__Material for the task__:
□ □ □ □ □
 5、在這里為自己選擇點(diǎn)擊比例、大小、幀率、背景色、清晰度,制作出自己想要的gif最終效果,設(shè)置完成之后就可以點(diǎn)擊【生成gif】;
□ □ □ □ □
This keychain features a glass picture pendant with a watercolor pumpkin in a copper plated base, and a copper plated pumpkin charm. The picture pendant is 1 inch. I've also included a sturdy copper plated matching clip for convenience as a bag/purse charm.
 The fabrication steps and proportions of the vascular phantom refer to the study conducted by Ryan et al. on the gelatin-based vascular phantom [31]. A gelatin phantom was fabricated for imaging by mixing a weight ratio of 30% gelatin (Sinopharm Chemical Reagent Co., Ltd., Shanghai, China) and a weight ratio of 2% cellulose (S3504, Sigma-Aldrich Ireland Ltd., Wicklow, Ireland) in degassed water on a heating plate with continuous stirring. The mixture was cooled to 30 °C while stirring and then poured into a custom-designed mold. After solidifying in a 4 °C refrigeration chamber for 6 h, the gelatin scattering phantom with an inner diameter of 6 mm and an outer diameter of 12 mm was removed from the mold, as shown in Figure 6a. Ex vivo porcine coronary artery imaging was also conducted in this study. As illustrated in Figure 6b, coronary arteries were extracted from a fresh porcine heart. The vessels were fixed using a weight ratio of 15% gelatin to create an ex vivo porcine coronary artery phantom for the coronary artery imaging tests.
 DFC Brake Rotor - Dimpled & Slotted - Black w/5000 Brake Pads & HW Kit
□ □ □ □ □
__Work required__:
Your answer should be the lines above, from the line containing "This keychain features" up to and including the line containing "DFC Brake Rotor", reproduced exactly and with nothing else.

__Completed exercise__:
This keychain features a glass picture pendant with a watercolor pumpkin in a copper plated base, and a copper plated pumpkin charm. The picture pendant is 1 inch. I've also included a sturdy copper plated matching clip for convenience as a bag/purse charm.
 The fabrication steps and proportions of the vascular phantom refer to the study conducted by Ryan et al. on the gelatin-based vascular phantom [31]. A gelatin phantom was fabricated for imaging by mixing a weight ratio of 30% gelatin (Sinopharm Chemical Reagent Co., Ltd., Shanghai, China) and a weight ratio of 2% cellulose (S3504, Sigma-Aldrich Ireland Ltd., Wicklow, Ireland) in degassed water on a heating plate with continuous stirring. The mixture was cooled to 30 °C while stirring and then poured into a custom-designed mold. After solidifying in a 4 °C refrigeration chamber for 6 h, the gelatin scattering phantom with an inner diameter of 6 mm and an outer diameter of 12 mm was removed from the mold, as shown in Figure 6a. Ex vivo porcine coronary artery imaging was also conducted in this study. As illustrated in Figure 6b, coronary arteries were extracted from a fresh porcine heart. The vessels were fixed using a weight ratio of 15% gelatin to create an ex vivo porcine coronary artery phantom for the coronary artery imaging tests.
 DFC Brake Rotor - Dimpled & Slotted - Black w/5000 Brake Pads & HW Kit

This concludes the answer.